Traditional diets rich in fermented foods with antioxidants and anti-inflammatory properties offered neuroprotective effects that helped to support cognitive function by increasing protein quality, increasing bioavaiblity of mood-regulating B-vitamins, vitamin D, magnesium and zinc, providing strong antioxidant protection and producing compounds like the calming neurotransmitter GABA which is implicated in poor mental health (1) .

There is increasing evidence highlighting how regular consumption of fermented foods can have mental health benefits backing up what our ancestors knew all along: One study showed how fermented soymilk intake improved learning and memory, another showed that high consumption of tempeh had a positive impact on memory and other studies have linked consumption of fermented foods to improved mood and cognition (1). Another study showed that consumption of a fermented dairy product for four weeks affected activity of brain regions controlling central processing of emotions and sensation (3). Consuming fermented foods and herbs can help restore a healthy microbiome, normalise the gut-brain axis and optimise mental health.

The consumption of fermented foods, rich in beneficial bacteria, can help replenish the gut microbiome and reduce intestinal permeability. Fermentation modulates the chemical constituents, improving the activity and bioavailability of foods and herbs. A number of studies have reported the fermentation process as enriching bioactive peptides and creating phytochemicals which may enhance their neuroprotective effects (4). Fermentation also increases bioavailability, and modulates the release of neurotransmitters such as BDNF, GABA and serotonin which are reported to be involved in learning and memory (4).

A return to ancestral fermented food consumption could be an effective intervention for mental health disorders. There are many foods and herbs within traditional dietary patterns that when fermented offer excellent cognitive health benefits. One of the most effective herbs for the brain is Holy Basil which contains compounds that balance stress hormones and support the nervous and immune system. Studies have found it decreases stress hormone levels, in particular corticosterone, the reduction of which improves cognitive functioning.
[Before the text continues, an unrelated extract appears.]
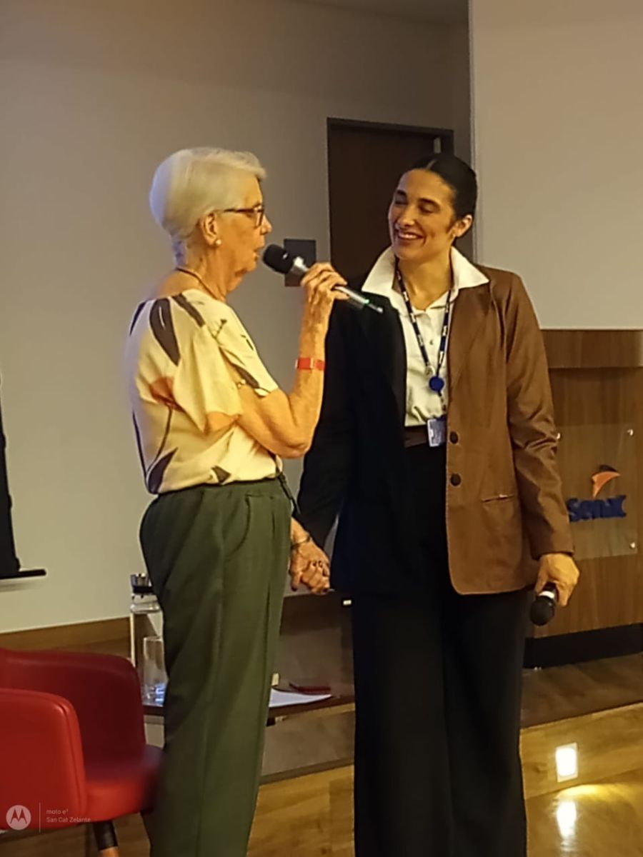 Gerda Kewitz com Fabiana Damiano da Silva, do Senac

Lions Mane mushroom also supports brain function as it stimulates the production of nerve growth factor (NGF) which helps to maintain the neurons, which are brain cells responsible for helping us to process and transmit information, aiding learning and memory. Traditionally consumed foods and herbs like Holy Basil, Gotu Kola, Turmeric and Green Tea are packed with antioxidants and offer much promise for supporting cognitive health, and their enhanced bioavaiblity via fermentation may be an important factor to use these food and herbs as medicine (1).
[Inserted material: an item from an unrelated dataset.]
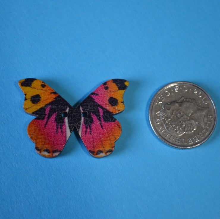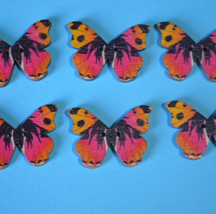 Wooden Butterfly Buttons Pink Orange Yellow Black 6pk 28x20mm (B20)

Fermentation offers substantial benefits to cognitive health, from the magnified antioxidant and anti-inflammatory activity, reduction of intestinal permeability, positive influence on nutritional status, direct production of GABA and other bioactive chemicals (1). We are only just beginning to scratch the surface in our understanding of the relationship between the microbiome and brain health, but fermented foods may be the key link in the gut-brain axis and overall cognitive health.

References

1: Selhub EM, Logan AC, Bested AC. Fermented foods, microbiota, and mental health: ancient practice meets nutritional psychiatry. Journal of Physiological Anthropology. 2014;33(1):2. https://www.ncbi.nlm.nih.gov/pmc/articles/PMC3904694/

2: Reddy, BL and Saier, MH. Autism and Our Intestinal Microbiota. Journal of Molecular Microbiology and Biotechnology. 2015;25 51-55. https://www.karger.com/Article/FullText/375303

3: Tillisch K, Labus J, Kilpatrick L, et al. Consumption of Fermented Milk Product With Probiotic Modulates Brain Activity. Gastroenterology. 2013;144(7):10.1053/j.gastro.2013.02.043. doi:10.1053/j.gastro.2013.02.043.
https://www.ncbi.nlm.nih.gov/pmc/articles/PMC3839572/

4: Kim B, Hong VM, Yang J, et al. A Review of Fermented Foods with Beneficial Effects on Brain and Cognitive Function. Preventive Nutrition and Food Science. 2016;21(4):297-309. doi:10.3746/pnf.2016.21.4.297.